The measuring stick is fine for a big university with full-time students bent on getting a degree in four years — but not so fine for a commuter college or for universities with students who have to work their education around a full-time job.

And, yes, not surprisingly, the University of Wisconsin-Madison ranked at the top of the list to get an extra slice of the governor’s pie in Hillman’s analysis.

The simple fact is that the missions of campuses in the UW System vary from campus to campus. Part of Parkside’s mission, for instance, is to encourage access to people in the area who seek a college education. That serves a community with lower incomes and with higher minority populations — and that’s important here in southeastern Wisconsin.

UW-Madison may be more selective in the students it takes — but it is not encouraging access.

And that’s an issue the Legislature needs to address as it move ahead with the budget process.

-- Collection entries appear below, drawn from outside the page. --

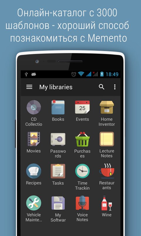 Memento — это личная база данных, которая позволяет Вам хранить все персональные данные в одном месте. Memento состоит из библиотек, каждая из которых содержит записи своего типа.
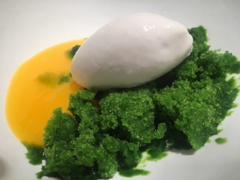 Para refrescar la boca tras los quesos, el puré de mango, granizado de albahaca, coco y rábano raifort es un primer postre muy adecuado. La repostería a cargo de Montse Abella ha alcanzado también en estos años niveles sobresalientes en Santceloni. El borracho de calvados con nueces y trufa negra, la crema de café con mousse de chocolate cocida, o la crema de queso ahumado con granizado de ruibarbo y chicharrones caramelizados son buena muestra del excelente trabajo de Montse.
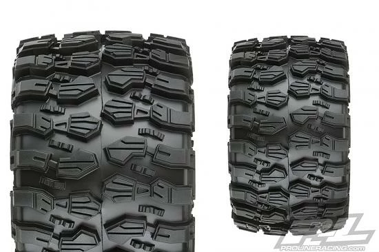 Pro-Line is bringing the extremely popular Hyrax rock crawling tread to the 1:10 Monster Truck scene with the Hyrax 2.8″ tire! Whether it is loose or hard-packed dirt, sand, snow, street, or gravel, the Hyrax 2.8″ tire is up to the task. The Hyrax 2.8″ tire was designed to have ultimate traction combined with long-lasting durability. Each tire lug is shaped to dig into whatever surface you are running on and is ultra-thick so that it is extremely durable.
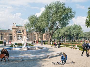 Innen nem messze találjuk a Millennium Házát, melynek parkjában egyedülálló rózsakertet telepítettek az épület bejáratához, ahol 1500 tő rózsa és rózsalugas keltik életre Budapest aranykorának hangulatát. A gyönyörű környezet egyszerre romantikus és szemet gyönyörködtető, hiszen a kert központi része egy új Zsolnay-díszkút is.
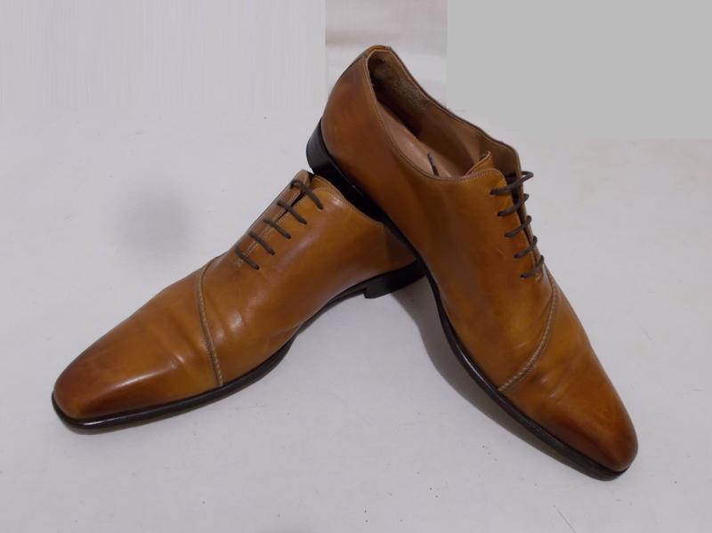 Туфлі в чудовому стані: верх майже ідеальний, шкіряна підошва посилена PU ребрами жорсткості трохи стерту під стопою, підбори складані з дуже міцного матеріалу, тому форма майже як у нових. Повністю шкіряні розкішного коньячного кольору. Шарма додає оригінальної, дуже гарної форми декоративної рулки біля шва. На оф сайті подібні туфлі стоять 340 м Устілка 32х9,5 см (носок звужений), каблук 2,7 см. Бренд чоловічого взуття Magnanni — це історія сімейного бізнесу, який зумів змінити світ моди. Сьогодні в керма компанії вже третє покоління Альдомар, що передає один одному традиції виготовлення взуття вручну. Замість верстатів і механізації виробництва в Magnanni зробили вибір у бік унікальності своєї продукції. В основі виробництва черевиків і туфель для чоловіків ось уже 50 років лежать три принципи: перш за все, спосіб виготовлення — уже йдеться про ручну працю. Крім того, як вихідна сировина в Magnanni використовується шкіра найвищої якості — за його стандартами стежить вся родина. Нарешті, третє складене успіху — оригінальний дизайн: фахівці марки знають, як подати класику у світі сучасної моди. Увага до кожної дрібниці та гарантії якості забезпечили Magnanni місце в fashion-індустрії. Крім монобрендових бутиків у всій Іспанії, купити взуття цієї марки можна далеко за межами країни-виробника. Черевики ручної роботи Magnanni популярні в країнах, де покупці вимогливі та знаються на моді — у Франції та Італії.

“We’re asking for some time to work with the governor and his staff and the Legislature to develop those outcomes measures that really fit with the university system,” Ford said.

We would urge area legislators to lend Ford’s reasoned arguments an ear and help the UW-Parkside achieve performance goals — but goals that reflect its mission and its importance to Racine and Kenosha counties.

Setting goals and using measuring sticks are fine — as long as they’re measuring the right things.